All i know is that an IFS RE will not go into the 60 taper. The 60 is bigger.
MuddMachine
March 7th, 2006, 06:20 PM
All i know is that an IFS RE will not go into the 60 taper. The 60 is bigger.
Thats about what Ive figured out.
Fullload
March 8th, 2006, 02:48 AM
Thats about what Ive figured out.
Change to an IFS pitman arm. That way you get less of a drop ( the 60 drop is huge for a sammy) and you get the same hole taper.
Don't waste your time and heat it or you'll blow your seal and we broke a snap on pitman arm puller trying to get mine off.
It worked alot better just to cut it.
fullsizeguy
March 8th, 2006, 10:36 AM
dont the ifs pitman have the RE built into it ?
I,ve read some where cut fill and retaper on the ifs . I'll i can offer is a check of the differences between a fj80 RE and domestic, i think i got a ford pitman around here somewhere. Ron
Fullload
March 8th, 2006, 11:11 AM
dont the ifs pitman have the RE built into it ?
Your right. I made my drag link to suit.
MuddMachine
March 9th, 2006, 05:42 PM
Your right. I made my drag link to suit.
Lets see it. That might not be the ticket to what Im after.
Fullload
March 10th, 2006, 02:53 AM
Lets see it. That might not be the ticket to what Im after.

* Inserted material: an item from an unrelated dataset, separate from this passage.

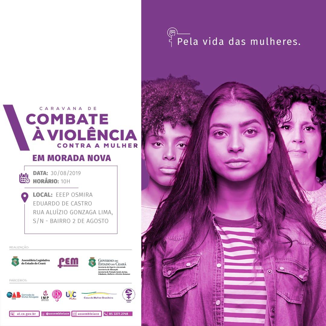 No próximo dia 30 de agosto, às 10 horas, na Escola Estadual de Educação Osmira Eduardo de Castro, em Morada Nova, será realizada a segunda visita da II Caravana de Combate à Violência Contra a Mulher, atividade da Assembleia Legislativa, realizada pela Procuradoria Especial da Mulher.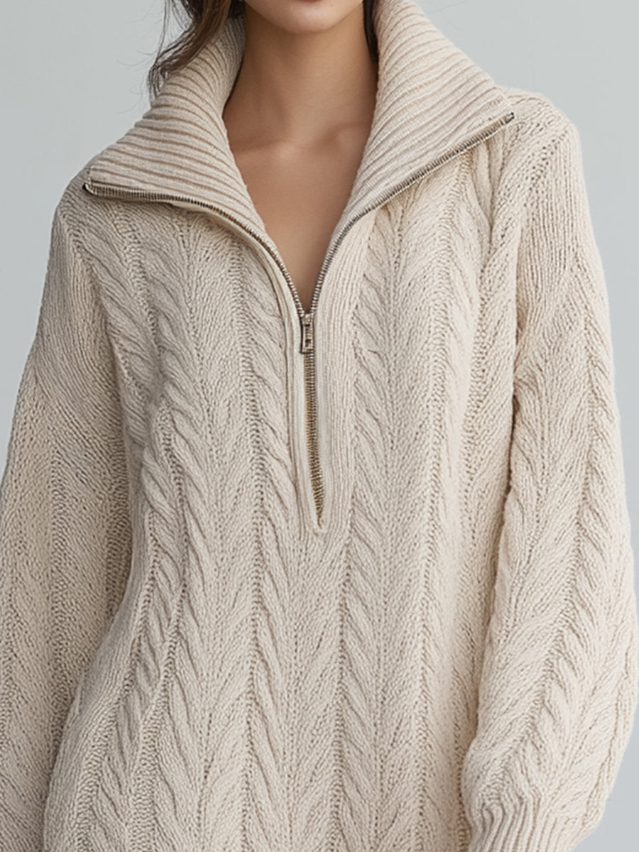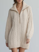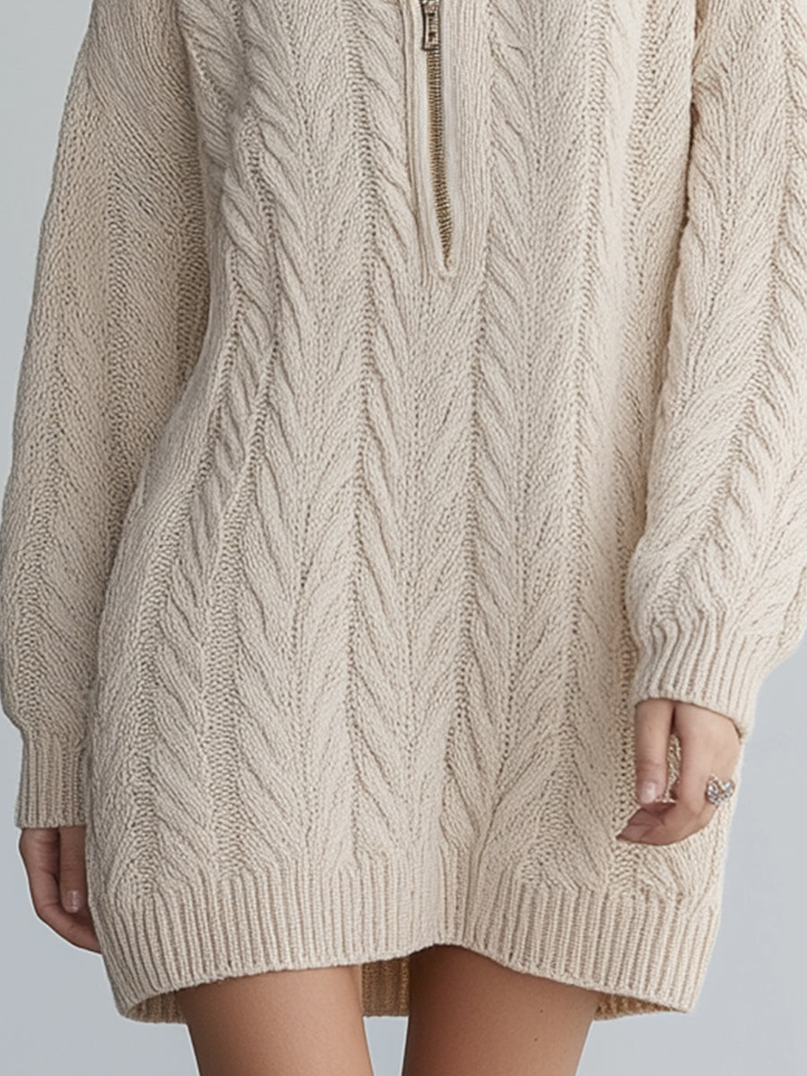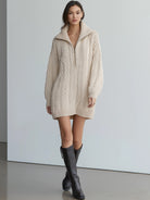 Crovaya presents the Beige Cable-Knit Half-Zip Sweater Dress — a statement of cozy sophistication, crafted for modern women who embrace comfort without compromising style. This dress features a soft, textured cable-knit pattern that evokes timeless charm, reimagined with a contemporary twist through a half-zip neckline and a structured ribbed collar. The relaxed silhouette drapes naturally, offering ease and elegance in every movement.

If it's not the ticket than why you need to see????
I did this after the inital build so i have no pickies. Maybe depot will be nice enough to put down the R&C and take one for you.
All my drag link is. Passanger side has threaded rod end in factory toyota steering arm. ( dom was cut and tapped by me. I have the right and left tap needed. it is the M17x1.50) smaller size than the 85 and the FJ80's which are the M22x1.50 i belive, but the actual TRE are the same taper. Then up at the pitman arm side i cut an IFS center link or something with the tapered hole and ground the arm part down on the bench grinder to fit inside the DOM,roset welded and welded the end. This way the tapered hole slides into the TRE on the actual pitman arm, which is non replaceable on the IFS pitman arms.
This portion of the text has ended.